Wednesday, August 29, 2012

Investing is Hardest Job

This is according to an interesting article I came across on the internet this week. Below is the article. I suggest anyone investing their own money or doing it for a living like myself should take a few minutes to read the entire article.

Being a professional investor is the hardest profession on the planet.

Not because the financial markets are global and 24/7.  Not because the markets are full of extremely driven and intelligent competitors.  Not because the emotional highs and lows can be soul crushing.

It is because of the constant and measurable competition against passive benchmarks.
Each day, month, quarter and year a professional investor’s performance is measured against both the benchmark and their peers.  Outside of professional sports, I’m not sure there is any other industry that generates such objective and continuous measurements. And even in sports, there is no equivalent of a “passive benchmark”.  If a player is struggling, teams do not have the option to replace that player with a benchmark that guarantees them the averaged production of every player at that position .

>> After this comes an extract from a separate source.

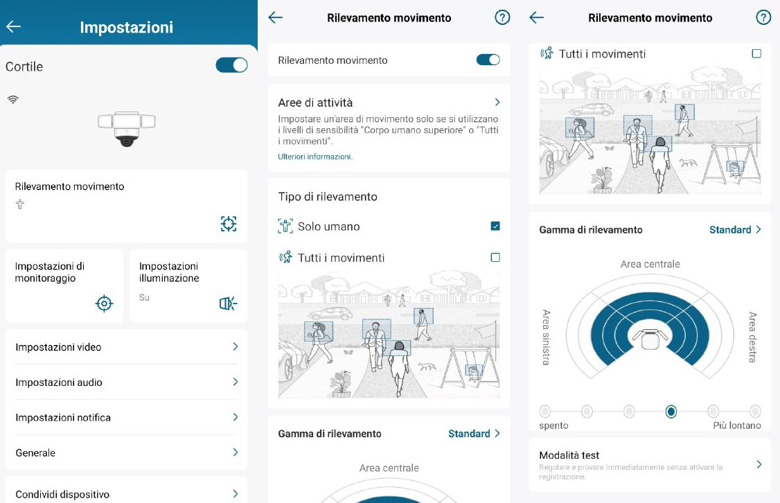 Apprezzabile quanto se non più della qualità video, sono i sensori a lungo raggio a bordo, in grado di rilevare qualsiasi movimento, e, attraverso l’IA (intelligenza artificiale), stabilire se si tratta di un essere umano, nel qual caso, la cam “aggancia il soggetto” e lo segue, facendo partire la registrazione video, oltre ad una notifica sullo smartphone. È possibile settare il raggio d’azione (più o meno vicino alla cam), decidere se attivare la rilevazione per qualunque tipo di movimento, anche non umano (es. animale), e di individuare zone (fino a 2) esclusive dove effettuare la rilevazione, così da ridurre gli avvisi di movimento non necessari.

Benchmarks are the most ferocious of competitors.  They show up for work everyday. They never get sick.  They don’t take vacation.  They are always 100% invested so their results are continuously compounding.  Most importantly, they’re not aware of their own performance.  The S&P 500 will never enter the 4th quarter feeling it needs to really press to have good numbers for the year.  Nor will it take December off to “lock in” a good year.

Not only is the pressure unrelenting, but your failures are public on a scale that again only professional athletes can relate to.  If you do become a successful professional investor and overcome all of the above, there is always the question of skill versus luck.

No fan in their right mind believes they have a chance of beating a Kobe Bryant or LeBron James at basketball.  Yet any investor can now buy a portfolio of index funds and have a good chance to outperform not just a few, but the majority of mutual and hedge fund managers.

This inconvenient truth is like a little voice in the head of every successful investor – “Am I really good at this or have I just been lucky?”.  A voice that never goes away as it only takes a couple bad years to destroy an lifelong track record.

A few quick thoughts I had after reading have to do with short-term results versus long-term investing. For example, investors love to know how they did last month or so far this year. When in reality they will not touch the money for at least 10 years if not longer. The real way to measure is over several years as there will always be up and down years. When basing long-term investing on short-term goals is the strategy, the odds of beating the market are very low.

 
It also hit home with me as an advisor that not only deals with the markets 24/7, but also with many different views on the market via my clients (basically my many bosses). I really think this article will open the eyes of all investors and I suggest you pass it along to your friends.